▶ To do: Reproduce the listing below character for character; drop every image.

Segment Start: Information shown

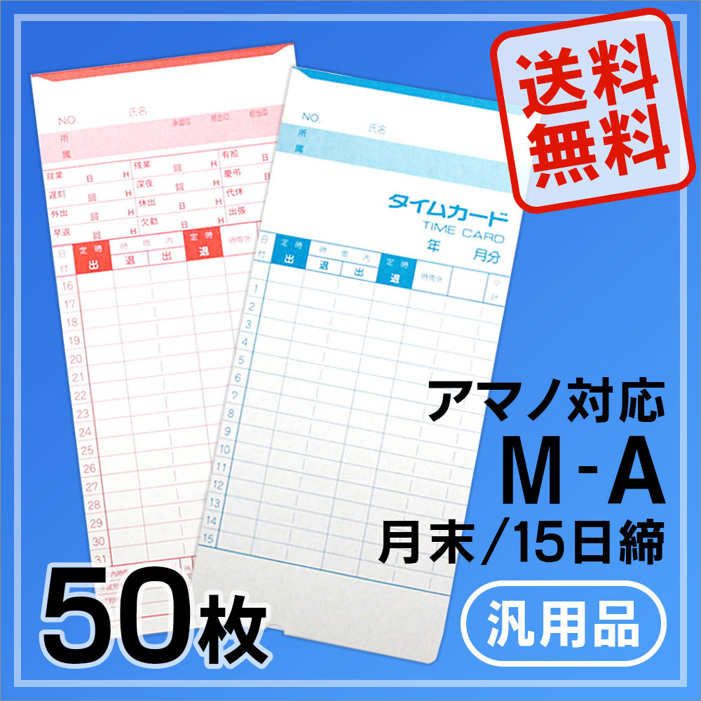 アマノ用 タイムカード Aカード対応 汎用品 M-A(月末/15日締)50枚
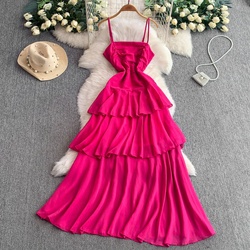Doux Spaghetti Strap Femmes D'été Taille-Cinching Minceur Couches À Volants Casual Longueur Au Sol Longue Robe
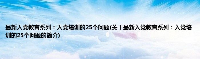 本文关于最新入党教育系列:入党培训的25个问题的简介就讲解完毕,希望对大家有所帮助。

Segment End: Information shown

▶ Response to the task:
 アマノ用 タイムカード Aカード対応 汎用品 M-A(月末/15日締)50枚
Doux Spaghetti Strap Femmes D'été Taille-Cinching Minceur Couches À Volants Casual Longueur Au Sol Longue Robe
 本文关于最新入党教育系列:入党培训的25个问题的简介就讲解完毕,希望对大家有所帮助。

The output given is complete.